Leitner-Poma of America, known simply as Leitner-Poma, is a United States aerial lift manufacturer based in Grand Junction, Colorado. It is the American subsidiary of French-based Poma, which is owned by the Italian company HTI Group. The North American company was formed in 2000 when the Seeber Group, owner of Leitner, bought Poma and merged both companies' North American subsidiaries. Leitner-Poma of America operates a Canadian subsidiary based in Barrie, Ontario called Leitner-Poma Canada Inc.

Leitner-Poma's only major competitors are Doppelmayr USA, based in Salt Lake City, and Doppelmayr Canada. Leitner-Poma also supplies lifts to Australia and New Zealand.

Poma of America before merger

Jean Pomagalski invented the detachable Pomalift surface tow in 1935, and first brought it to North America in 1952. The first North American Poma brand chairlift was installed in 1958 in Squaw Valley, California, for the 1960 Winter Olympics.

Poma's Grand Junction, Colorado, manufacturing facility was opened in 1981 in order for Poma to better serve the North American market.

In 1973, the company built its first Gondola in the United States at Big Sky Resort in Montana (removed in 2008). In the following years, Poma built gondolas at Whistler-Blackcomb, British Columbia; Squaw Valley, California (replaced by North America's only funitel); Stowe Mountain Resort, Vermont; and Stratton, Vermont, among others. In total, the company built 205 chairlifts, surface lifts, and gondolas before merging with Leitner.

Designs of POMA of America

Detachable
Terminals
Alpha evolution
Performant 
Falcon Gondola
Competition
Challenger
Competition Gondola
Phatboy
Grips
TB-41
Double TB-41
Omega
Carriers
Arceaux
Competition
Omega
Fixed Grip
Terminals
Delta
Alpha
Carriers
Falcon

Leitner Lifts before merger
Leitner had a limited history in North America prior to its merger with Poma of America. Between 1997 and 2001, it installed 21 lifts in the United States and Canada. Customers included Fernie Alpine Resort, Kimberley Alpine Resort, and Big White in British Columbia; Mount Norquay and Lake Louise in Alberta; and Jay Peak, Vermont.

Designs of Leitner in America
Detachable
Terminals
Automatic
Quintessential
Plan de Gralba
Grips
LA48-95
Fixed Grip
Terminals
N/A

Merger of Leitner and Poma

In 2000, the Seeber Group of Italy purchased Pomagalski, S.A. of France. Although the two remained separate in Europe, the North American operations of each were combined. While it was announced as a merger of Leitner Lifts USA/Canada and Poma of America, Leitner's operations were mostly folded into Poma's. The last Leitner designed lifts were installed in 2001, and since 2002, all lifts produced by the company have been of Poma's design.

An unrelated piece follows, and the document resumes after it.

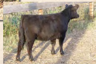
Lot 44 as a calf
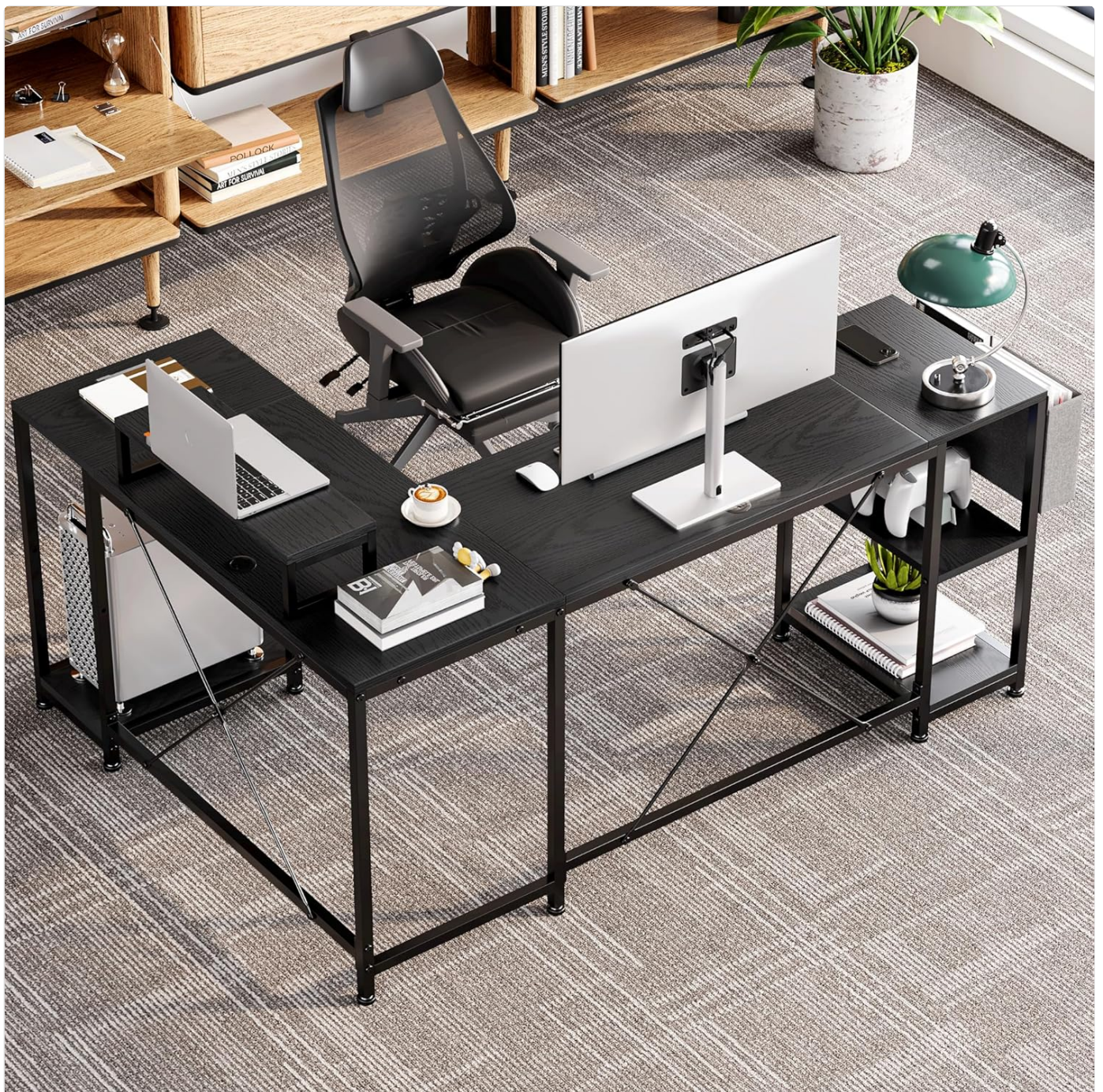
Image: Detailed views of the desk's practical features, including a cable management grommet for organized wiring, sturdy iron hooks for hanging headphones or bags, and adjustable feet pads for stability on various floor surfaces.

In 2010, Leitner-Poma adapted the LPA detachable grip, which is cosmetically slightly different from the Omega T-Grip. The terminal design also changed with the introduction of the new grip. The first lift in the United States with the new grip was the High Noon Express at Vail Ski Resort. In 2012, Leitner-Poma adapted a new retro tower design that is a cross of the design of tower heads on Poma chairlifts built in the late 1970s and early 1980s with the design used since 1994.

After the merger

In 2009, Leitner-Poma of America moved into a new headquarters in Grand Junction along with other companies owned by Leitner Technologies, including Leitwind, a manufacturer of wind turbines, and Prinoth, a maker of snow groomers. Colorado Governor Bill Ritter attended the grand opening ceremony, which took place during the financial crisis of 2007–2010 at which Leitner-Poma promised to create 100 new jobs.

The company recently won the contract to build the replacement Roosevelt Island Tramway in New York City, and is also the supplier of the passenger capsules for both the London Eye Ferris wheel in England and the High Roller Ferris wheel to be built on the Las Vegas Strip.

Leitner-Poma's market share continues to trail significantly behind Doppelmayr.

As both Poma and as Leitner-Poma, the company has built some of the most notable lifts in America, including, among others, the only double-loading chairlift in North America (Quicksilver Super6) and the highest chairlift in North America, Imperial Express SuperChair (topping at ), both located at Breckenridge Ski Resort in Colorado.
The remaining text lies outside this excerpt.